3. After obtaining a first pitch value, the relative maximum value corresponding to the value z thus determined as the first relative maximum value is used in the first time interval. The method of claim 2 wherein the steps are repeated.

4. The method of claim 2, wherein the steps are repeated in a voice time interval following the first time interval.

5. The limit value is 255 and the step b) is performed.
Is achieved by the following formula, and if E> 0, then En = trunc [(E * 255) / MAX]
And E = 0, then En = 0, where MAX is the absolute value of the largest positive binary value considered by the code.
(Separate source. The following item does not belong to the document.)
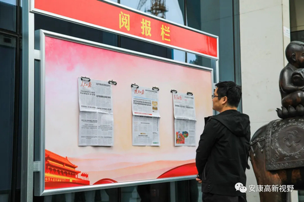 日前,在安康高新區(qū)的市民廣場(chǎng)、政務(wù)中心、公園綠地、大眾餐廳、居民社區(qū)等人口密集區(qū)域,承擔(dān)著“黨報(bào)指引方向,閱讀增添力量”宣傳教育功能的一個(gè)個(gè)“閱報(bào)欄”,讓廣大市民在享受物質(zhì)生活的同時(shí)更具精神追求,成為創(chuàng)建全國文明城市中一道道亮麗的風(fēng)景。
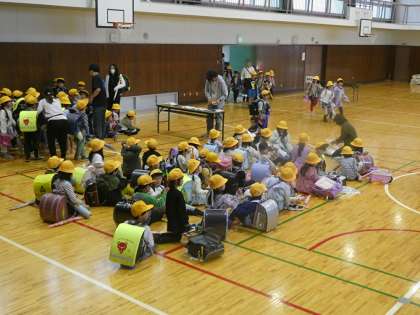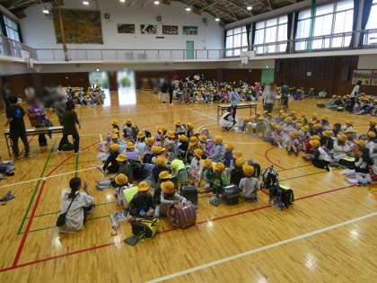 本日は地震が発生したことを想定しての避難、引き渡し訓練を実施しました。

Method.

6. The limit value is 255, and the step b) is performed.
Is executed by the following equation, and if E <0, then En = trunc [(-E * 255) / MA
X], and E = 0, then En = 0, where MAX is the absolute value of the negative maximum binary value considered by the code. the method of.

7. The step c) is performed by first individualizing all relative maxima of the binary sequence and selecting the one with the largest binary value. The method of claim 2.

8. INF and SUP are respectively the minimum value and the maximum value of the pitch of human voice, and the interval used in the step d) corresponds to [INF ... min (SUP, n + R)]. The method of claim 2.

9. A method for checking whether said first time interval is a voice time interval, the method comprising: a) controlling the energy of the voice signal so as not to exceed a first threshold of such interval. To determine if it is of the silence type by: b) for each subinterval of such a predetermined length of the interval, the absolute energy of the audio signal does not exceed a second threshold, At the same time, it is confirmed whether the voice signal is of a non-voice type by controlling the energy of the voice signal so that it does not exist at a plurality of instants that are larger than a third threshold value,
3. Method according to claim 2, characterized in that the check has a positive result if the confirmation of both steps a) and b) has a negative result.

10. System for speech recognition, characterized in that pitch evaluation is performed by the method according to any one of claims 1-9.